The final issue raised by appellant is whether the district court's alleged virtual verbatim adoption of respondent's proposed findings and conclusions and reliance on respondent's memorandum of law for its memorandum, together with other alleged circumstances surrounding the supplemental order, so taint the district court's decision as to require that we set it aside.
This court has stated that although the practice of a district court adopting one party's proposed findings and conclusions is not reversible error per se, it does raise a question of whether the district court independently evaluated each party's testimony and evidence. Bliss v. Bliss, 493 N.W.2d 583, 590 (Minn.App. 1992), review denied (Minn. Feb. 12, 1993). However, this court still applies the clearly erroneous standard. Sigurdson v. Isanti County, 408 N.W.2d 654, 657 (Minn.App. 1987), review denied (Minn. Aug. 19, 1987). We have also concluded that a district court's verbatim adoption of a party's conclusions and findings is not improper if the record supports the findings and shows the court conscientiously considered all the issues. Bersie v. Zycad Corp., 417 N.W.2d 288, 292 (Minn.App. 1987), review denied (Minn. May 5, 1988).
As appellant recognizes, it is nearly impossible to assess the thought process of the district court. However, appellant's counsel submitted an affidavit that recites facts that indicate confusion about the district court's issuance of its supplemental order.

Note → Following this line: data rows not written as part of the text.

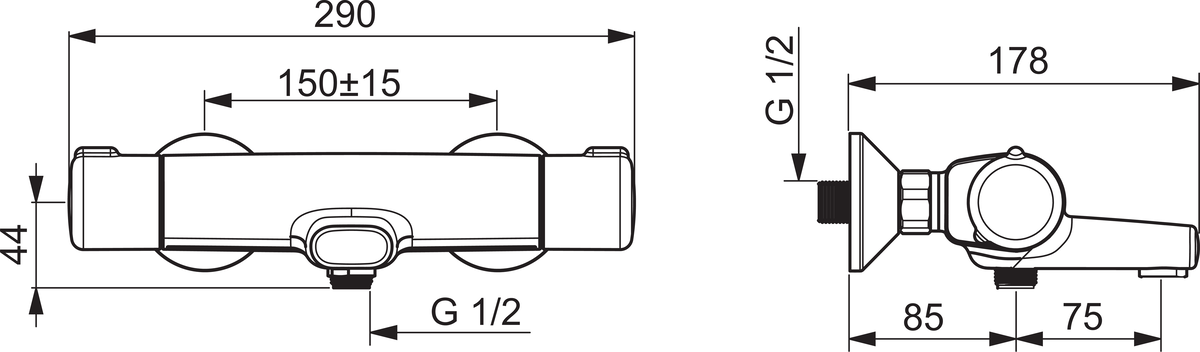 • Maat aansluiting aanvoer: 1/2" (15)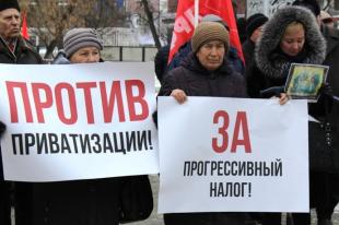 Обращаясь, к протестующим, секретарь обкома КПРФ, депутат Государственной Думы Владимир Симагин отметил, что «10 процентов населения страны захапали себе 90 процентов собственности».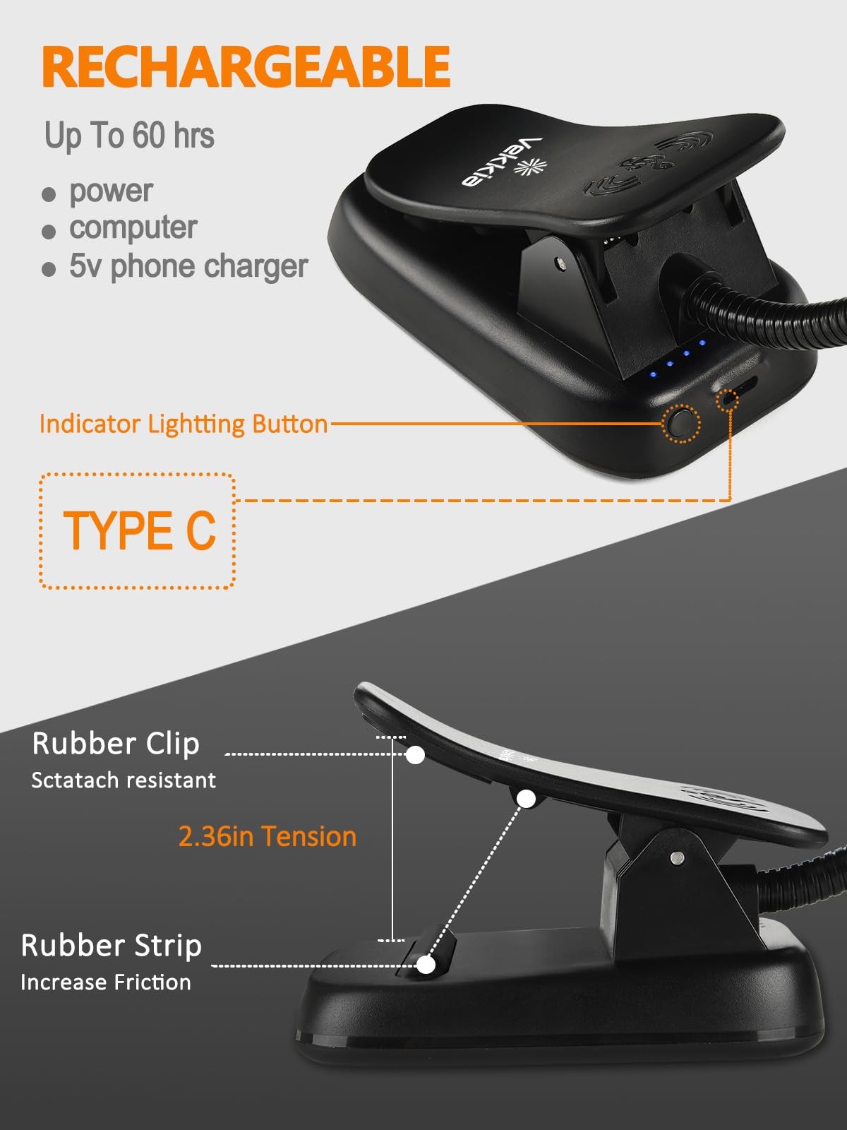 Portable LED Music Stand Light - Rechargeable 5 Brightness Levels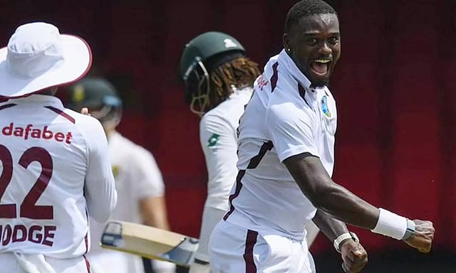 இதையடுத்து தனது முதல் இன்னிங்சை தொடங்கிய வெஸ்ட் இண்டீஸ் அணியும் அடுத்தடுத்து விக்கெட்டுகளை இழந்து தடுமாறியது. 42.4 ஓவர்களில் 144 ரன்களுக்கு ஆல் அவுட் ஆனது. வெஸ்ட் இண்டீஸ் தரப்பில் அதிகபட்சமாக ஜேசன் ஹோல்டர் 54 ரன்கள் எடுத்தார். தென் ஆப்பிரிக்கா தரப்பில் வியான் முல்டர் 4 விக்கெட்டுகள் வீழ்த்தினார்.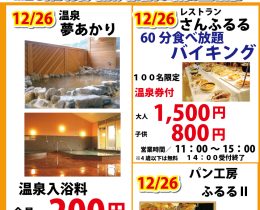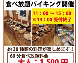 毎月26日の風呂の日サービスデーにレストランにて食べ放題バイキングを開催しています。 …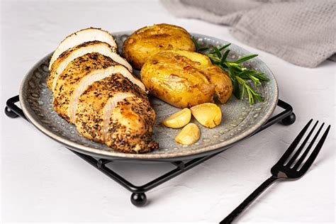 Kartoffeln und Hähnchenbrust mit Knoblauch und Butter. Einfaches und leckeres Gericht!

The affidavit asserts that the district court's law clerk stated in a phone conversation that the initial order (representing the issues the parties agreed on) had not been signed when the date on the order indicates that it was filed the day before that conversation. The affidavit also states that in a phone call to the district court's chambers one week later regarding the initial order, no mention was made of the supplemental order, which bears the same date as the initial order. Appellant contends that the fact that the supplemental order was not mentioned in these phone calls shows that it had not been prepared, was quickly drafted, and back dated. Appellant's counsel claims that this confusion, coupled with reliance on respondent's written submissions, indicates a lack of court consideration of this case.
The assertions of appellant's counsel are not sufficient to show that the district court's decision is defective. The assumption that the district court judge's law clerk was fully conversant with all aspects of the preparation of the orders and would have mentioned the supplemental order if it was near completion is speculative. Even if that assumption is correct, these facts are not sufficient to meet the clearly erroneous standard of review. Absent a showing of error in the order itself or some substantial evidence of actual impropriety, we will not engage in speculation about the circumstances of the district court's decision.
Appellant argues that the district court's refusal to correct what appellant deems clerical errors shows the district court's lack of consideration of the case. Appellant states that the district court mistakenly confuses in its supplemental order the figures of $8,729.62 and 40% in the findings of fact with $8,972.62 and 50% in the conclusions of law. However, these two paragraphs are referring to different calculations. The figures in the conclusions of law are referring to the amount of marital debt from the second mortgage on respondent's home, while the figures in the findings of fact are referring to the payments made to the second mortgage after the date of separation. Therefore, these were not errors and do not show a lack of consideration by the district court.